Successful ablation of morphology-changing premature ventricular contractions under the guidance of local voltage potentials: A case report

Premature ventricular contractions (PVCs) stemming from the aortic sinus cusp often have preferential conduction to two exits in the outflow tract and exhibited two different morphologies of PVCs, which may render radiofrequency catheter ablation (RFCA) difficult. A 67-year-old male patient underwent RACF for premature ventricular contractions (PVCs) characterizing by bi-morphology (left and right bundle branch block) on electrocardiogram. Dynamic changes in QRS morphology during ablation and evident local voltage potentials during electro-anatomical mapping were critical for identifying the real foci of origin of PVCs. Successful ablation was achieved at the left-right coronary cusp commissure.

Highlights

- Dynamic changes in QRS morphology of premature ventricular contractions (PVCs) during ablation and evident local voltage potentials during electro-anatomical mapping were critical for identifying the real foci of origin of PVCs.

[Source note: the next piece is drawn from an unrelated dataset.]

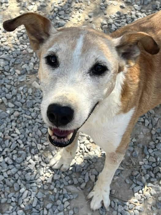 She still wagged when volunteers passed.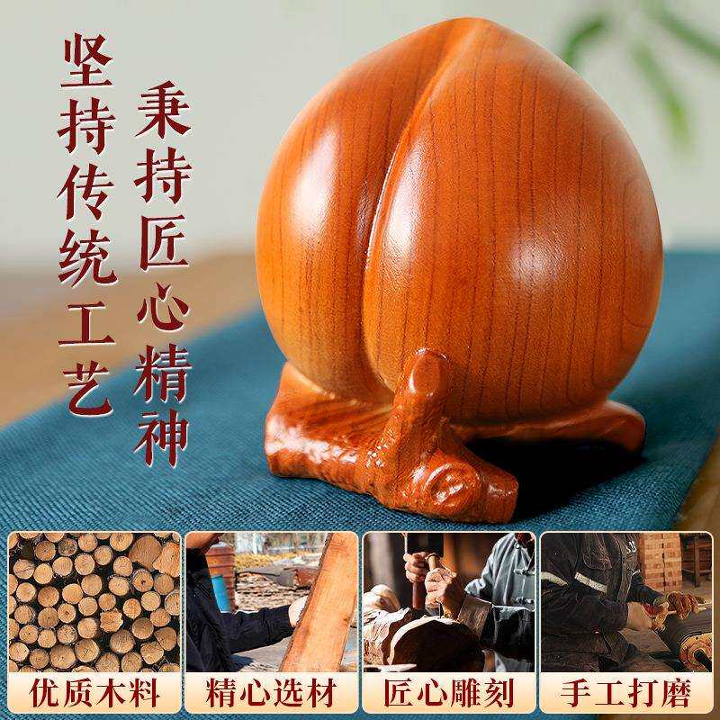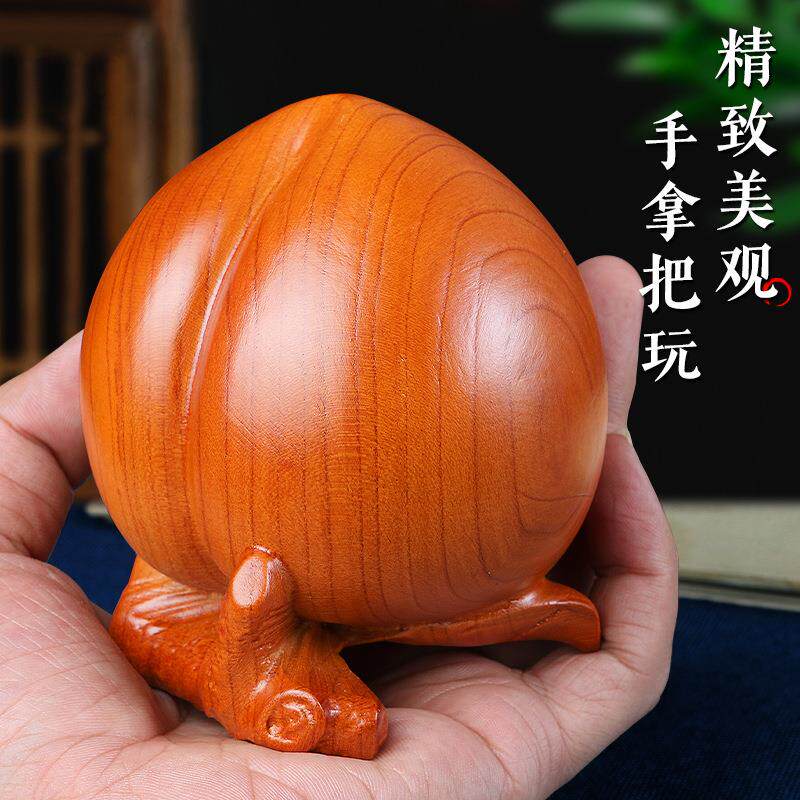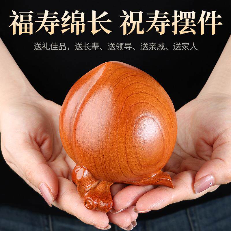 桃木寿桃摆件蟠桃祝寿寿礼仙桃木雕工艺品摆放办公室老人祝寿手把

- Premature ventricular contractions (PVCs) stemming from the left-right coronary cusp commissure often show preferential conduction to the RVOT.

- Bi-morphic QRS (LBBB and RBBB with an inferior axis) on ECG before the procedure may facilitate successful ablation of PVCs.

Introduction

Premature ventricular contractions (PVCs) and ventricular tachycardia (VT) have plentiful origins, which are widely distributed in both the right and left ventricles, including outflow tract, the vicinity of the tricuspid/mitral annulus and the His bundle, the papillary muscle, and so on (1). PVCs usually have one exit showing a single QRS morphology, but sometimes have multiple exit sites showing polymorphic QRS in both the right ventricular outflow tract (RVOT) and left ventricular outflow tract (LVOT) with preferential pathways (2–6). Variation of PVCs origins and morphology, especially dynamic changes in QRS during ablation, is a challenge to location and ablation of PVCs (3, 4, 7). In addition, a local voltage potential (LVP) preceding the onset of the surface QRS during PVCs, may help identify the origin of PVCs, according to a previous study (8). Here, we report a case of PVCs, whose successful ablation depended on dynamic alterations in QRS morphology during ablation and evident local voltage potentials during electro-anatomical mapping, originating from the left-right coronary cusp commissure (L-RCC).

Case report

The patient was a 67-year-old man with a 2-year history of shortness of breath and frequent palpitation while resting. And he had a history of hypertension and coronary heart disease. The symptoms could not be explained by these diseases, because that LV ejection fraction (69%) was kept within reasonable bounds, and local stenosis in the middle left anterior descending coronary artery was unchanged compared to 2 years ago. In addition, electrocardiogram (ECG) was normal during sinus rhythm. However, a serious of ECGs show frequent bi-morphic PVCs characterized by left bundle branch block (LBBB) and/or right bundle branch block (RBBB) in Figure 1, whose QRS wave were upright in leads II, III, and aVF (an inferior axis). The PVCs with inverted (LBBB) and upright (RBBB) QRS wave in lead V1, were defined as PVC-1 and PVC-2, respectively. The coexistence of PVC-1 and PVC-2 was reconfirmed in the preoperative 24 h of ambulatory Holter monitoring, and PVC burden was 22,915 (26.3%), which was mainly composed of PVC-1. The symptomatic PVCs were refractory to antiarrhythmic medications. Therefore, this patient was referred for radiofrequency catheter ablation (RFCA) of the PVCs.

FIGURE 1

Figure 1. Twelve lead-ECG recorded before the procedure showing sinus rhythm, PVC-1, and PVC-2. ECG, electrocardiogram; PVC, premature ventricular contraction.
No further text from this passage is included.